# DESCRIPTION OF THE TASK:
A verbatim transcript of the data below is required, images omitted.

(Saved entries)
======

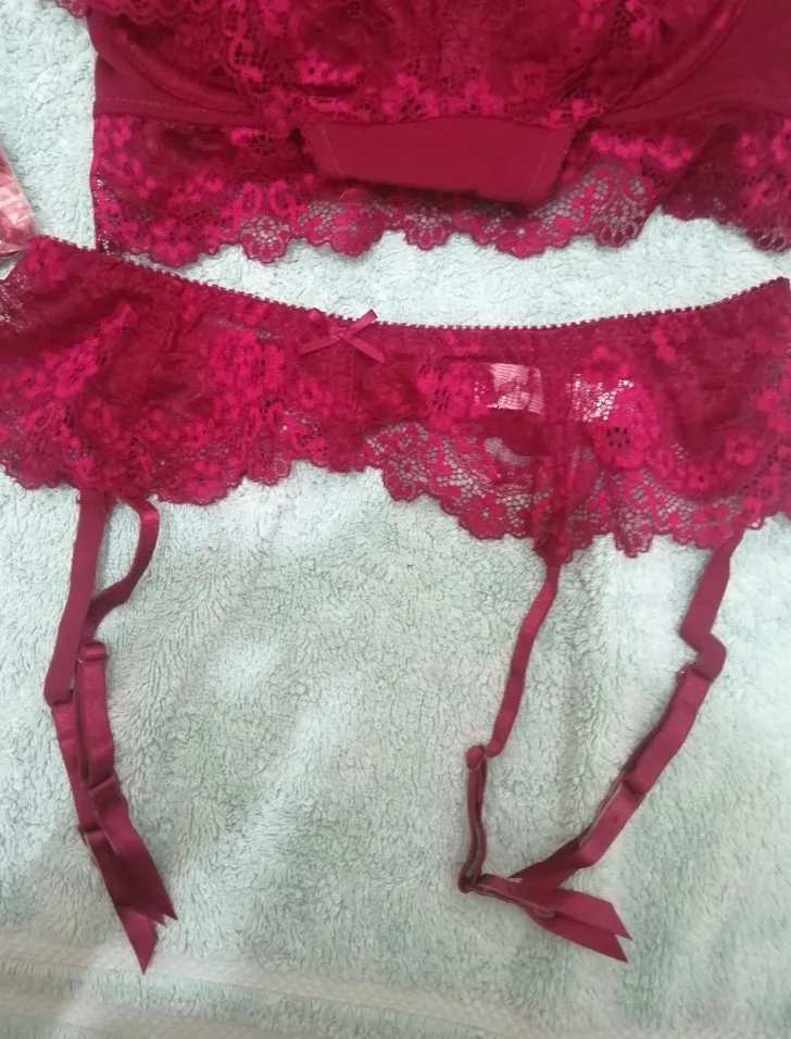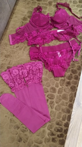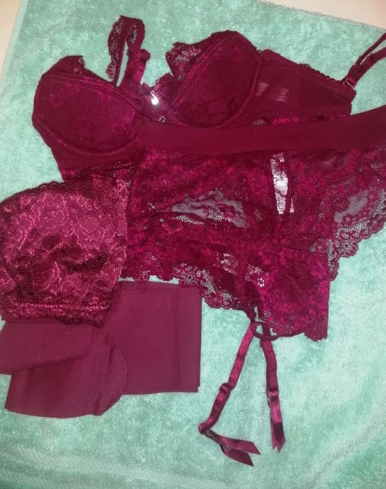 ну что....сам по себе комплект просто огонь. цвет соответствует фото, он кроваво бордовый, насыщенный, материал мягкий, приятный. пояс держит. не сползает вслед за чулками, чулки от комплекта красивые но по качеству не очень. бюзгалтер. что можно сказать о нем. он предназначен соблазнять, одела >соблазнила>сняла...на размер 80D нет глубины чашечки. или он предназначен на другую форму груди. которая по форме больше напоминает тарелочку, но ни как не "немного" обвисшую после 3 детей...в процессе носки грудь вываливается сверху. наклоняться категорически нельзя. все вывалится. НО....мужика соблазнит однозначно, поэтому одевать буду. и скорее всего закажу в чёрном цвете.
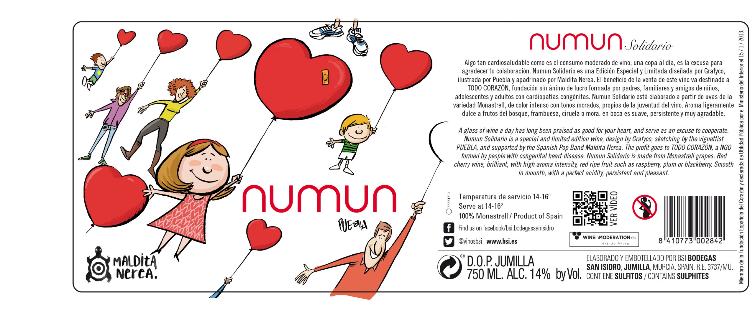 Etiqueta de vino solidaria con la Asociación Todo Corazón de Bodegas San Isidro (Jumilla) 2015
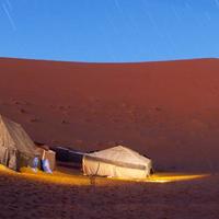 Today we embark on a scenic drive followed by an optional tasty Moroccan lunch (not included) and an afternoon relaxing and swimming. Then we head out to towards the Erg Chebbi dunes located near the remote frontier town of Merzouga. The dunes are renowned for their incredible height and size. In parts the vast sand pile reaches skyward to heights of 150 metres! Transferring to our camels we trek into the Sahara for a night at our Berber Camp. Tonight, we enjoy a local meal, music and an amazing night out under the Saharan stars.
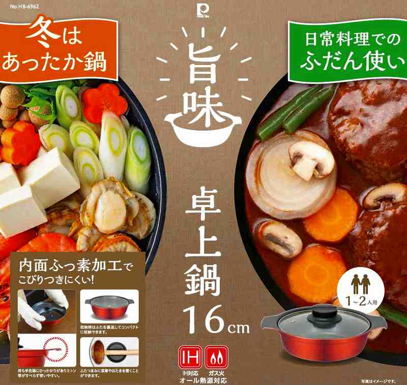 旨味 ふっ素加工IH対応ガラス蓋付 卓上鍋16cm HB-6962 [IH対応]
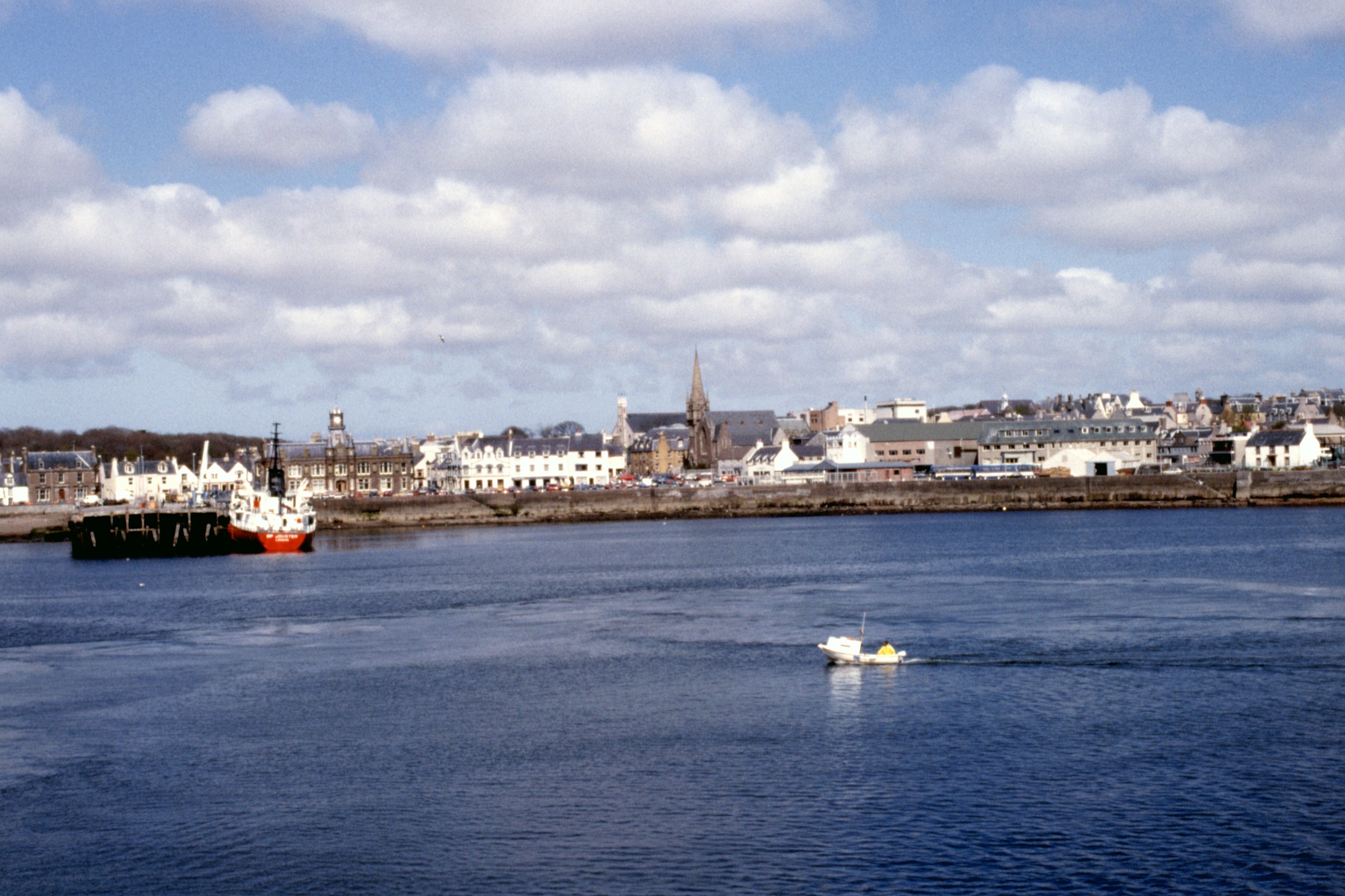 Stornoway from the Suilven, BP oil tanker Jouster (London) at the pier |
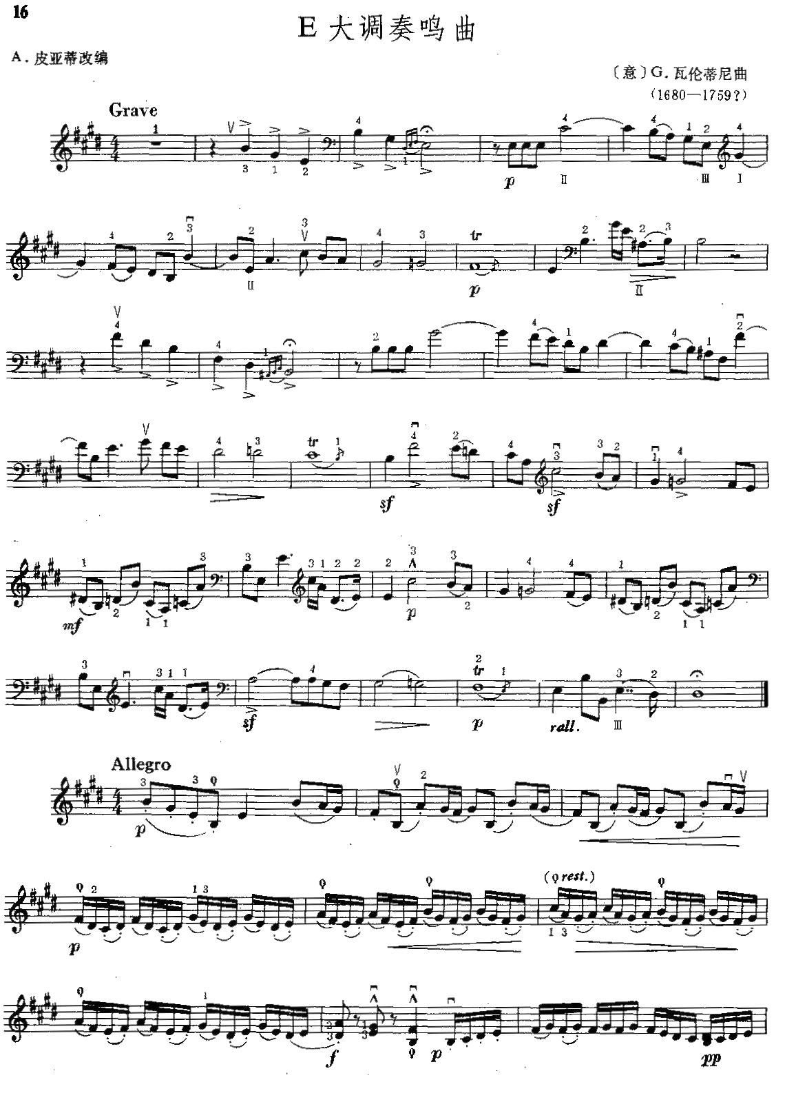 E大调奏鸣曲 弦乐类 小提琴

======

# OUTPUT:
 ну что....сам по себе комплект просто огонь. цвет соответствует фото, он кроваво бордовый, насыщенный, материал мягкий, приятный. пояс держит. не сползает вслед за чулками, чулки от комплекта красивые но по качеству не очень. бюзгалтер. что можно сказать о нем. он предназначен соблазнять, одела >соблазнила>сняла...на размер 80D нет глубины чашечки. или он предназначен на другую форму груди. которая по форме больше напоминает тарелочку, но ни как не "немного" обвисшую после 3 детей...в процессе носки грудь вываливается сверху. наклоняться категорически нельзя. все вывалится. НО....мужика соблазнит однозначно, поэтому одевать буду. и скорее всего закажу в чёрном цвете.
 Etiqueta de vino solidaria con la Asociación Todo Corazón de Bodegas San Isidro (Jumilla) 2015
 Today we embark on a scenic drive followed by an optional tasty Moroccan lunch (not included) and an afternoon relaxing and swimming. Then we head out to towards the Erg Chebbi dunes located near the remote frontier town of Merzouga. The dunes are renowned for their incredible height and size. In parts the vast sand pile reaches skyward to heights of 150 metres! Transferring to our camels we trek into the Sahara for a night at our Berber Camp. Tonight, we enjoy a local meal, music and an amazing night out under the Saharan stars.
 旨味 ふっ素加工IH対応ガラス蓋付 卓上鍋16cm HB-6962 [IH対応]
 Stornoway from the Suilven, BP oil tanker Jouster (London) at the pier |
 E大调奏鸣曲 弦乐类 小提琴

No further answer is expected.